THE DATA:
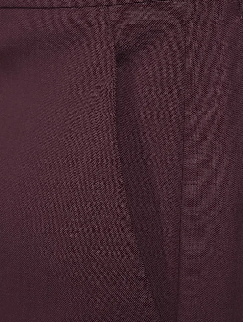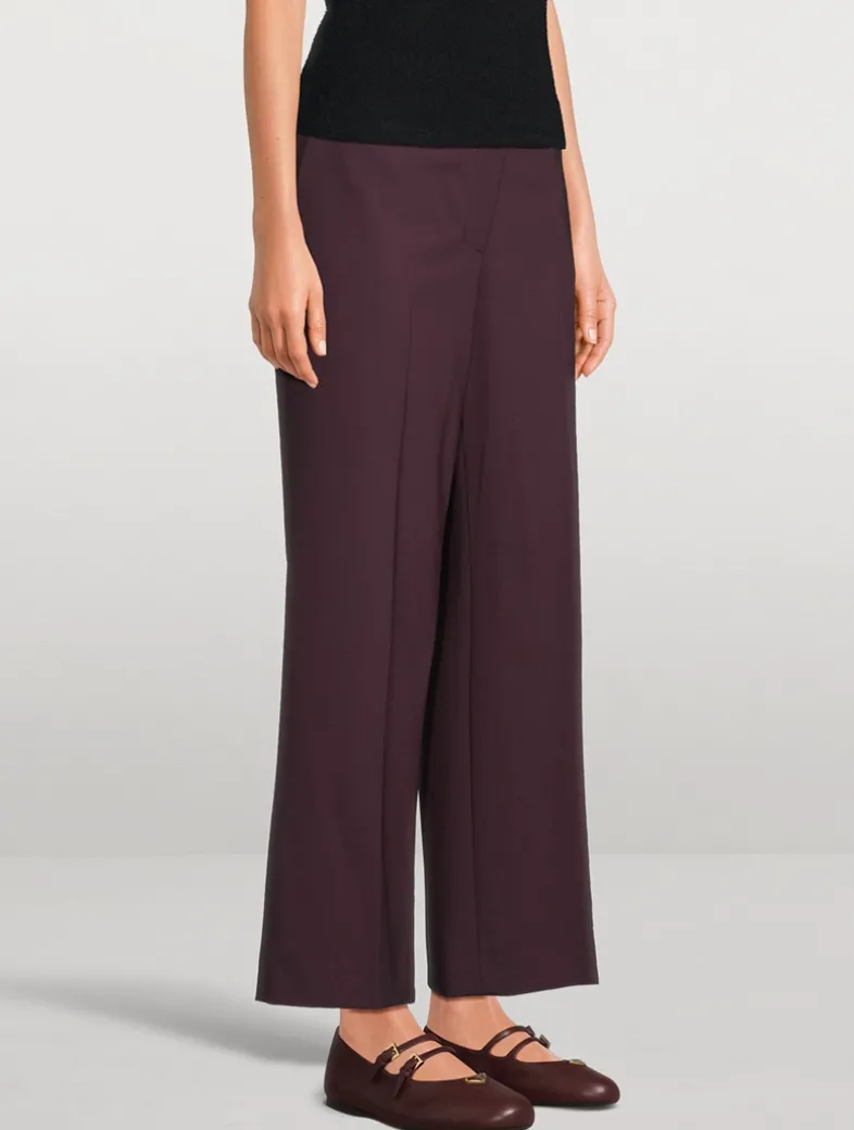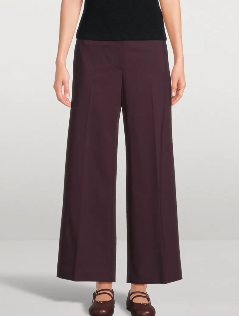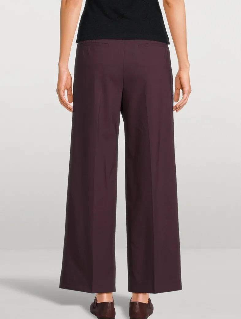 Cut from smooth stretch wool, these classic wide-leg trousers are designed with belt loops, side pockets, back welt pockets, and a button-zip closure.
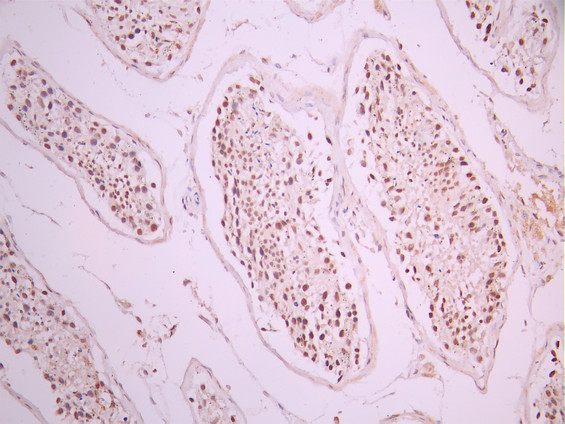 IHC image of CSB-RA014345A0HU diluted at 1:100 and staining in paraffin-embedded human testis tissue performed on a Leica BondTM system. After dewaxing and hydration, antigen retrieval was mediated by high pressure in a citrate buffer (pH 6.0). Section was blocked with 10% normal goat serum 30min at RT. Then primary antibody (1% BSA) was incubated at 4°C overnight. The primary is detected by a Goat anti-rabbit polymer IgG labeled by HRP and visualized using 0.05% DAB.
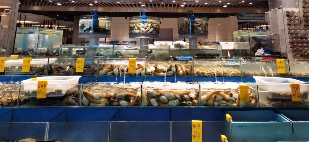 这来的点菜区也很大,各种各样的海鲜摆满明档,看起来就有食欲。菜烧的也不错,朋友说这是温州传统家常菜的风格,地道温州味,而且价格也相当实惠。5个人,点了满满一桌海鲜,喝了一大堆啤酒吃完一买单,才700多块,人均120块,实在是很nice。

EXERCISE INSTRUCTIONS:
Reproduce the lines above letter for letter. The pictures stay behind.

EXERCISE ANSWER:
 Cut from smooth stretch wool, these classic wide-leg trousers are designed with belt loops, side pockets, back welt pockets, and a button-zip closure.
 IHC image of CSB-RA014345A0HU diluted at 1:100 and staining in paraffin-embedded human testis tissue performed on a Leica BondTM system. After dewaxing and hydration, antigen retrieval was mediated by high pressure in a citrate buffer (pH 6.0). Section was blocked with 10% normal goat serum 30min at RT. Then primary antibody (1% BSA) was incubated at 4°C overnight. The primary is detected by a Goat anti-rabbit polymer IgG labeled by HRP and visualized using 0.05% DAB.
 这来的点菜区也很大,各种各样的海鲜摆满明档,看起来就有食欲。菜烧的也不错,朋友说这是温州传统家常菜的风格,地道温州味,而且价格也相当实惠。5个人,点了满满一桌海鲜,喝了一大堆啤酒吃完一买单,才700多块,人均120块,实在是很nice。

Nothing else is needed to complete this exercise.